With a second bill from the packet he paid the new cashier, another of Mama Capini’s sons, a little older and a bit bigger than the one he had met in the men’s room. As a test he asked, “What do you think about the fight?”
“What fight?”
“Joe’s fight. I thought Joe was a customer of yours.”
The cashier chuckled and rang up their total. “You been talkin’ to Guido. He’s a crazy one, that Guido.”

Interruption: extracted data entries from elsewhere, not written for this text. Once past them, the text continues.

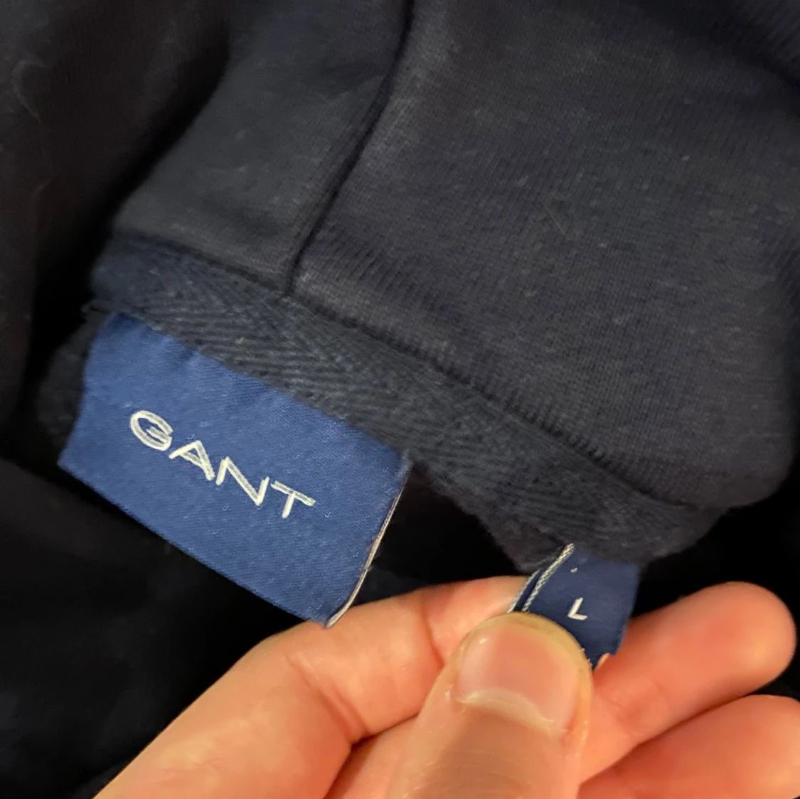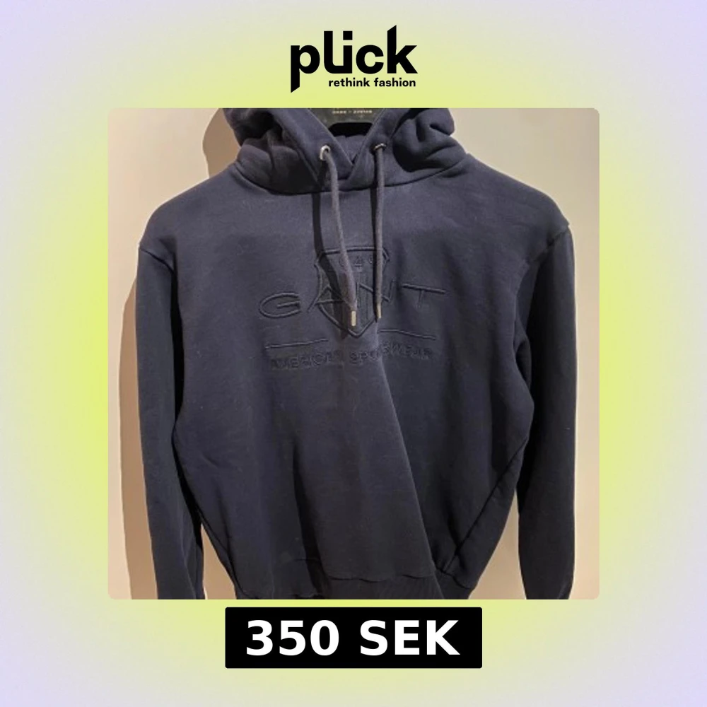 Säljer en snygg mörkblå hoodie från GANT. Tröjan har en klassisk design med justerbar huva och ribbade muddar vid ärmslut och nederkant. Perfekt för en avslappnad stil.
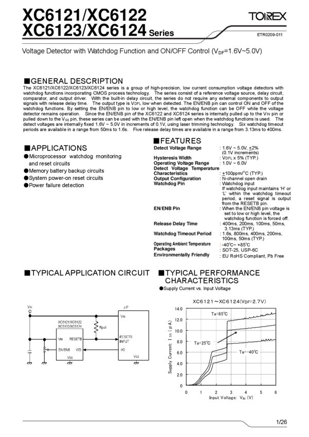 XC6124E627ER-G Volt Supervisor Detect 2.754V 6V 6-Pin USP-C T/R
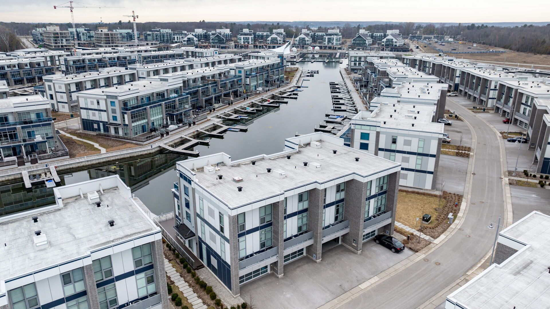 Four-seasons waterfront living at friday harbour, lake simcoe's most exclusive lakeside community. 3718 mangusta court is a 3-storey, 3-bedroom, 5-bathroom contemporary townhouse - 2,200 sq ft of interior space, three levels of designed outdoor living, and a private boat slip steps from the door. Soaring ceilings, oversized floor-to-ceiling windows, and a premium west exposure carry the light, the sunsets, and the water through every level. The ground level opens with a built-in 2-car garage, an oversized statuario venato tile foyer, and an entertainment room with a full built-in bar that walks out to the deck and the boat slip. The second level is the heart of the home: open-concept paris kitchens cabinetry, a quartz waterfall island, kitchenaid stainless steel appliances, and a living and dining room that flow out to a glass-railed balcony. The primary suite anchors this floor with a walk-in closet and a five-piece ensuite featuring a soaker tub and oversized glass shower. The third level holds two further bedrooms, each with a private ensuite, opening to a generous terrace. Mangusta residents enjoy exclusive use of a private pool and cabana - shared only among the island's 68 owners. Full lake club access includes pool, hot tub, restaurant, fitness centre, and theatre. The nest golf course, the 200-acre nature preserve, and mount st. Louis moonstone are minutes away. Highway 400 keeps toronto close. A fully furnished, turn-key option is available, including the boat and golf cart. Newly priced at $1,499,000 - a deliberate move, made with intent. The right buyer will recognize it on first walk-through.

He started to return to their table, but Fanny whispered, “I left the tip.”
“Backwards,” he told her. “Remember, we’ve got to walk backwards.” He took an awkward backward step toward the door.
“No,” Fanny whispered. “I won’t.” She caught his arm and spun him around.
Desperately he began, “You’ll be—”
“No, I won’t. The joke’s gone far enough.” She tugged at his arm.
Lara was standing across the street, snow blowing past her face as she studied the restaurant. He started toward her, and as he did he heard Mama Capini call, “Arrivederci!” behind them. At the edge of vision he saw Fanny look back, wave, and smile as she stepped through the door.
Then he was on the street, and alone. Snowflakes sparkled in the sun, blown from the rooftops by a spring wind. Lara had already turned away; as he watched, she vanished through the revolving door of a fur store.
Recklessly he dashed into the traffic.
Brakes squealed. A white truck like a huge refrigerator on wheels slewed sideways until it nearly struck his shoulder with its own. Triumphantly, he leaped across the curb and straight-armed the revolving door.
A sale was in progress; the furrier’s swarmed with women, many of them accompanied by husbands variously impatient. He raced among them, trying to decide whether Lara had worn a hat, whether her lovely hair had been on her shoulders or piled upon her head to form the covering he half recalled having seen while Fanny faded like a cheap photo at his side.
Twice he pushed his way completely around the store. Women were everywhere, with and without hats; none was Lara.
In desperation he snatched away a clerk, rescuing her from an angry-looking customer with blue hair who was disparaging two coats to her in tandem. He described Lara as well as he could.
The clerk shook her head. “Have you tried upstairs?”
He stared at her.
“In the salon.” The clerk lowered her voice. “The more expensive things are up there, and they get a better class of people.”
A pokey elevator carried him to the second floor, wheezing like an asthmatic old man. Here the carpets were white and the lights seemed touched with blue. He located a male clerk and described Lara again, adding that it was extremely urgent that he speak to her.
The clerk asked frostily, “You don’t by any chance recall the young lady’s name?”
“Lara Morgan,” he said. “She sometimes uses the name Laura Nomos.”
The clerk did not turn a hair. “Then if you’ll come with me, sir, I can examine the book for today and tell you whether she’s been here.”
They went to the back of the store, where a ledger lay open on a desk. The clerk studied its pages. “Ms. Morgan was indeed here today, sir. At eleven thirty.” The clerk glanced at his watch. “It’s now nearly eleven forty, so I would imagine she’s left the store. Ms. Morgan left her coat with us for cleaning and storage, as I believe she always does.”
A tiny flower of hope blossomed in him. He asked, “She’ll come for it, then, in the fall?”
“Or send someone, sir, if she wants it taken from storage.” The clerk flipped pages. “Here we are, sir. She picked it up last October. But it had been with us for twenty-six months, sir.”